FTAM, ISO standard 8571, is the OSI application layer protocol for file transfer, access and management.

The goal of FTAM is to combine into a single protocol both file transfer, similar in concept to the Internet FTP, as well as remote access to open files, similar to NFS. However, like the other OSI protocols, FTAM has not been widely adopted, and the TCP/IP based Internet has become the dominant global network.

The FTAM protocol was used in the German banking sector to transfer clearing information.
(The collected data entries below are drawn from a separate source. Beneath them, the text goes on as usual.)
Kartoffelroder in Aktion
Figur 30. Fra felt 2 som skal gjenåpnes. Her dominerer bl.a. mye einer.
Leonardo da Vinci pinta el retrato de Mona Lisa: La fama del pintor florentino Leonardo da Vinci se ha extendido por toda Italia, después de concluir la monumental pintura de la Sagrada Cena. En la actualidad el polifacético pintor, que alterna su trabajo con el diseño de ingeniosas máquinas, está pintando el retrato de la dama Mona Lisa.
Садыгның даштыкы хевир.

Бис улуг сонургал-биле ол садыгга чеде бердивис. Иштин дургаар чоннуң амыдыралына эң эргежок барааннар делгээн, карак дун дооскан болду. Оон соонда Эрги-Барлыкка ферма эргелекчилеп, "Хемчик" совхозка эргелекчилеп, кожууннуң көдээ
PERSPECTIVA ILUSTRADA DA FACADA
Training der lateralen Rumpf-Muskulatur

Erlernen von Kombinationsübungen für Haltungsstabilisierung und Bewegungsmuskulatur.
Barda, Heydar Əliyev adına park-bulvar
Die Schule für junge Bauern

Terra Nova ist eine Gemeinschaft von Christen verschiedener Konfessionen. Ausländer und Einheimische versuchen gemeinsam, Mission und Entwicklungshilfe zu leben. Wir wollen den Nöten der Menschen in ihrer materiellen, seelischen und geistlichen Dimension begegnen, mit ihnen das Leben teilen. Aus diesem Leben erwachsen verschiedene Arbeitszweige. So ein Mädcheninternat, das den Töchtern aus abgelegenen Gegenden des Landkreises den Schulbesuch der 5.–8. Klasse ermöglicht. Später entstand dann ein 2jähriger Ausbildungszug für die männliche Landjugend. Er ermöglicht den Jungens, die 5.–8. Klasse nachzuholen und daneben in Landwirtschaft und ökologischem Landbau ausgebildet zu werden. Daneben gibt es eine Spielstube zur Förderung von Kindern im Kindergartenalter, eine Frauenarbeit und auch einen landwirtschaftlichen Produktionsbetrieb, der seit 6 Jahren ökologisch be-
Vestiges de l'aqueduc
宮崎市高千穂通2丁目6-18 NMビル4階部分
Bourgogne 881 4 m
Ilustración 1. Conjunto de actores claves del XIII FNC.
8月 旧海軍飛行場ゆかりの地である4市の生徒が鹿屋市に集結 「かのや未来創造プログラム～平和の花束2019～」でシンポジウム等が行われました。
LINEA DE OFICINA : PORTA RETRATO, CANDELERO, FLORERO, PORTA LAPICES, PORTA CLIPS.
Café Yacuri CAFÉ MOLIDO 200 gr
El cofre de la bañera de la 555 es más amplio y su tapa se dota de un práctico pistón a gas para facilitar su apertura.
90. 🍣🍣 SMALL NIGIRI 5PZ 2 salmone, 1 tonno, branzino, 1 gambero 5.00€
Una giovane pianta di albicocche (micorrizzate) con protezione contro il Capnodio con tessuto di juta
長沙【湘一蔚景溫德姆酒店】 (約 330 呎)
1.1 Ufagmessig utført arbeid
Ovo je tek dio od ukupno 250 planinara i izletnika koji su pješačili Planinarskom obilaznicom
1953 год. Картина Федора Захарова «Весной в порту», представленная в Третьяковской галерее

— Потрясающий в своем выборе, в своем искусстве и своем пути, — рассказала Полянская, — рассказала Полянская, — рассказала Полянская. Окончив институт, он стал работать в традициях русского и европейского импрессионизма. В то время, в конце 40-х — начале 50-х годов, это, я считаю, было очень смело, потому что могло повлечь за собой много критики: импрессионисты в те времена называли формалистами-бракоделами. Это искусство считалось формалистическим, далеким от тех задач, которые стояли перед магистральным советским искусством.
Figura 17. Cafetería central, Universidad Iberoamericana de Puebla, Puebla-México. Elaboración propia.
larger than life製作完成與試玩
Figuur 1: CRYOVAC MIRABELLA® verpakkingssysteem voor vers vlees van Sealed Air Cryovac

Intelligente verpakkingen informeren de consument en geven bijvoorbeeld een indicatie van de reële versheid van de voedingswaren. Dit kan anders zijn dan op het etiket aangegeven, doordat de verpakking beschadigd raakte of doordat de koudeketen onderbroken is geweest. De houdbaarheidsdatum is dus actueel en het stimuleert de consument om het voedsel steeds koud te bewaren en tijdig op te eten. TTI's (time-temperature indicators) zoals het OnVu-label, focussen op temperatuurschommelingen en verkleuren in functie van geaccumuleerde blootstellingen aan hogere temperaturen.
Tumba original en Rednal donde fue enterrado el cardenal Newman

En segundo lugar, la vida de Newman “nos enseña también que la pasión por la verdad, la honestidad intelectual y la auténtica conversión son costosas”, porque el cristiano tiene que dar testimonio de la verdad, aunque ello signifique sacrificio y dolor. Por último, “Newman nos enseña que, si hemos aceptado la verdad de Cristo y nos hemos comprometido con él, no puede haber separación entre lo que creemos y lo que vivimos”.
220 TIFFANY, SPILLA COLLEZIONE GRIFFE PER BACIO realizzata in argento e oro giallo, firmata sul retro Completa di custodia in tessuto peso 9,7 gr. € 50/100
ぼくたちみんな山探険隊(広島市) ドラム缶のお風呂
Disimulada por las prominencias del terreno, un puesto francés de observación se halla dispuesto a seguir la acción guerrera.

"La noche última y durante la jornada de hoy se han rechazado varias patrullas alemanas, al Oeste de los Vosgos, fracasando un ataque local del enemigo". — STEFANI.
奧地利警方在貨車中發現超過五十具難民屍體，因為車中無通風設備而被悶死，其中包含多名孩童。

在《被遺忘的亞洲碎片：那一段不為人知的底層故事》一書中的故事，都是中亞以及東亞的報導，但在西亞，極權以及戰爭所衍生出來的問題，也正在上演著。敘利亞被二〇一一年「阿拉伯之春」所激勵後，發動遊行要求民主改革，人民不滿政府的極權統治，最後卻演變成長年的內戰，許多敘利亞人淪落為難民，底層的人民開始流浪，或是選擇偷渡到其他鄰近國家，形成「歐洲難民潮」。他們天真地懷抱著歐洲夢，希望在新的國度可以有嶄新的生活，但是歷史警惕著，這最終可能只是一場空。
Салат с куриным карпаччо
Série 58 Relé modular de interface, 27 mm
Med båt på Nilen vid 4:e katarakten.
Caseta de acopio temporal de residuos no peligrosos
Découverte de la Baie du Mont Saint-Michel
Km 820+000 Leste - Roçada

The Banking Communication Standard (BCS) over FTAM access (short BCS-FTAM) was standardized in the DFÜ-Abkommen (EDI-agreement) enacted in Germany on 15 March 1995. The BCS-FTAM transmission protocol was supposed to be replaced by the Electronic Banking Internet Communication Standard (EBICS) in 2010. The obligatory support for BCS over FTAM was ceased in December 2010.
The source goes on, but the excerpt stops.